Google’s delayed deprecation of third-party cookies is necessary, but shouldn’t be taken as a time to pause
Yesterday, Google announced a nearly two-year delay to Chrome’s planned deprecation of third-party cookies. For media owners, marketers, and the rest of the independent ad tech industry, this is a much-needed reprieve.
As the original 2022 deadline approached, it became clear that solutions to enable privacy-first addressability weren’t being designed, tested, and implemented quickly enough to meet that extremely ambitious deadline. Instead of consolidating towards agreement on a new architecture for advertising on the web, new proposals and amendments continued to proliferate weekly, giving businesses very little time to assess and adjust.

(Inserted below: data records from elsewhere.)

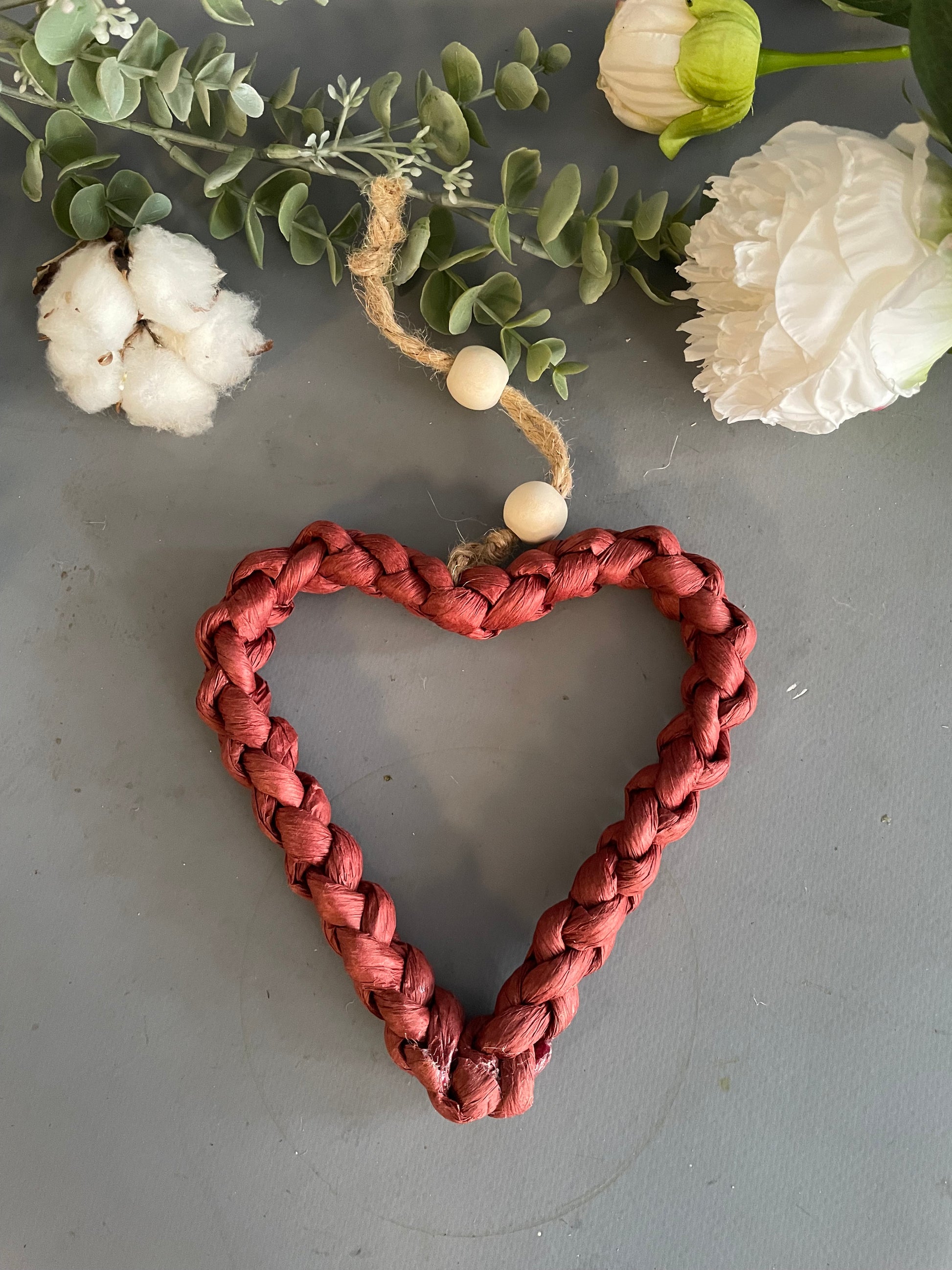 Ein Herz geht immer. Schöne klassische Herzform. Feste Herzform mit Papier umwickelt und Kordel zum Hängen in dreim Größen und den Farben Olive, Creme und Bordeaux. Ohne Dekoration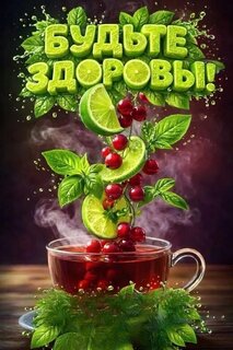 Аппетитное и вдохновляющее изображение, посвященное здоровому образу жизни и натуральным напиткам. На картинке запечатлен динамичный процесс: сочные ломтики лайма, спелые красные ягоды (клюква или брусника) и ароматные зеленые листья мяты эффектно падают в чашку с насыщенным травяным чаем. Сверху крупными зелеными объемными буквами на русском языке написано «БУДЬТЕ ЗДОРОВЫ!». Композиция дополнена летящими брызгами воды и легким паром, что создает ощущение свежести, бодрости и натуральности. Идеально подходит для контента о здоровом питании, детоксе, фитнесе и полезных рецептах.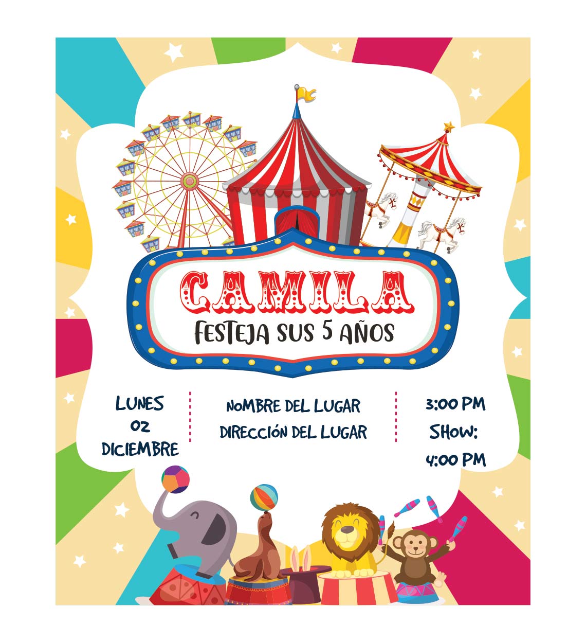 Invitación Cumpleaños Circo Colores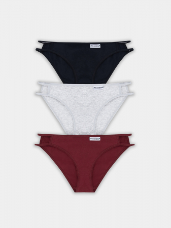 Набор из трех женских слипов с новогодним принтом создан для тех, кто ценит ежедневный комфорт и праздничное настроение. Каждая модель со средней посадкой обеспечивает удобную поддержку и идеальную посадку, которая сохраняется в течение всего дня. Протяжки по боковым швам аккуратно подчеркивают силуэт.

The UK’s Competition and Markets Authority agreed to provide oversight to Google’s plans and their Privacy Sandbox solutions, which provided some reassurance that drastic changes wouldn’t be launched without support from the media owners they’re most likely to impact. Inevitably, this meant more time would be needed to thoughtfully design comprehensive solutions that prioritise user privacy without sacrificing the ad-funded web.
Google’s announcement represents an acknowledgment of all those pressures, and an agreement to work in partnership with regulators, consumer interests, and free markets to seek alternate solutions after the deprecation of third-party cookies.

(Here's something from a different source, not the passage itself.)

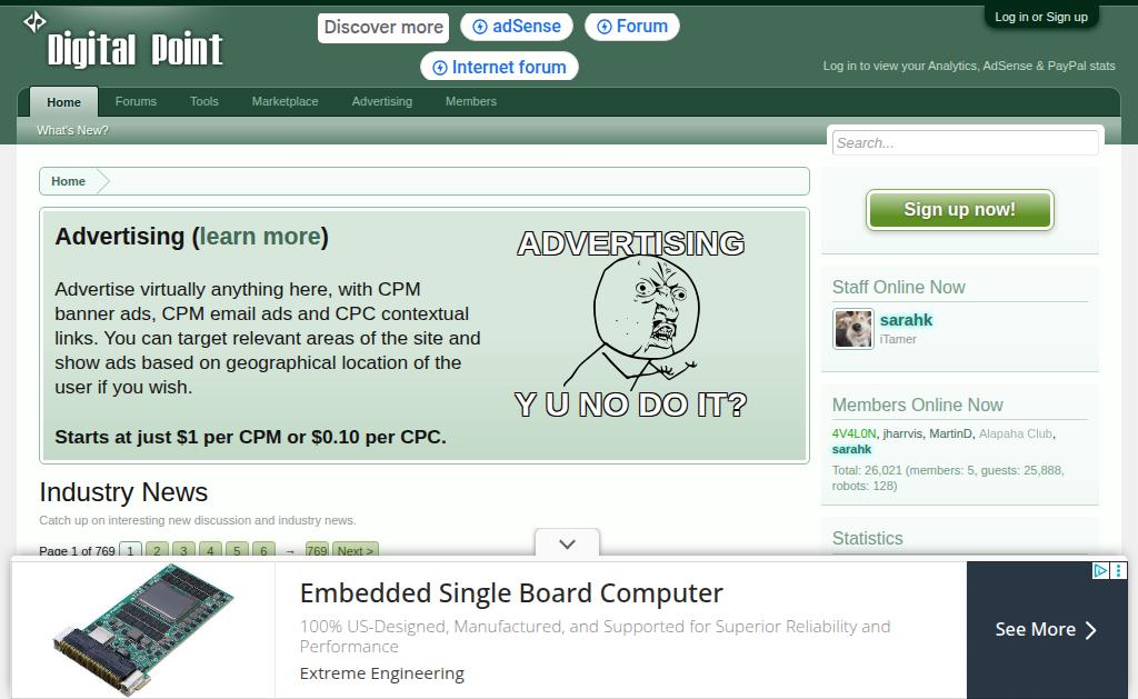 Advertise virtually anything here, with CPM banner ads, CPM email ads and CPC contextual links. You can target relevant areas of the site and show ads based on geographical location of the user if you wish.

Consumers still need better privacy protections on the web. Media owners still need viable business continuity plans in order to keep producing free journalism. None of that has changed, and Google’s delayed deprecation of third-party cookies does not mean that the ad tech industry should pause or deprioritise the move away from cookies. It just means we now have enough time to succeed at launching better alternatives.

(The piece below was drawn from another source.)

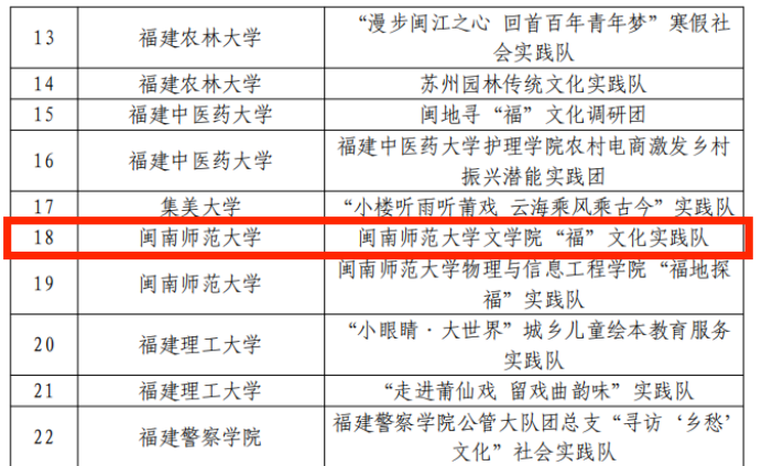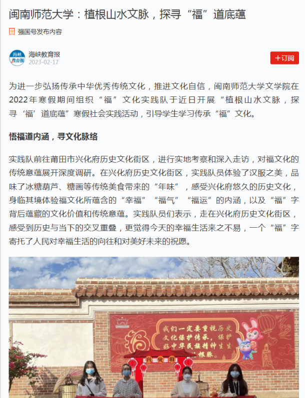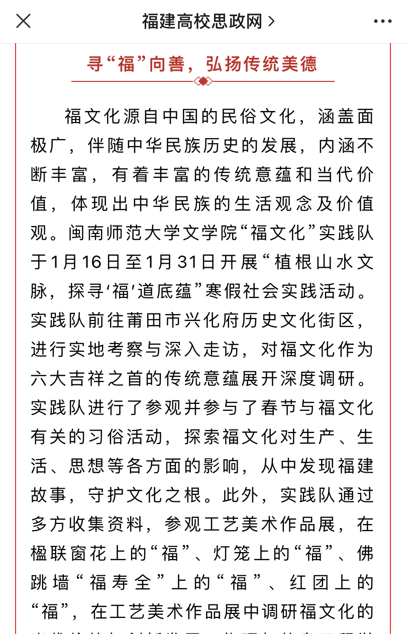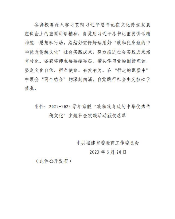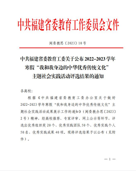 近日,中共福建省委教育工委发布《关于公布2022-2023学年寒假“我和我身边的中华优秀传统文化”主题社会实践活动评选结果的通知》,公司“福”文化实践队,在经过层层推荐、专家评审、网上公示等程序后,荣膺福建省2022-2023学年寒假“我和我身边的中华优秀传统文化”优秀实践团队。

This announcement to delay the deprecation of third-party cookies shows that Google recognises the need to actively preserve an independent advertising ecosystem upon which brands, media owners, and consumers can depend. The industry must continue driving the adoption of people-based, contextual, and cohort-based solutions while building consumer trust. This is not a time to wait, it’s a time to act. If we squander the moment, we’ll find ourselves right back here in 18 months, but with far less ability to shape the future of addressability.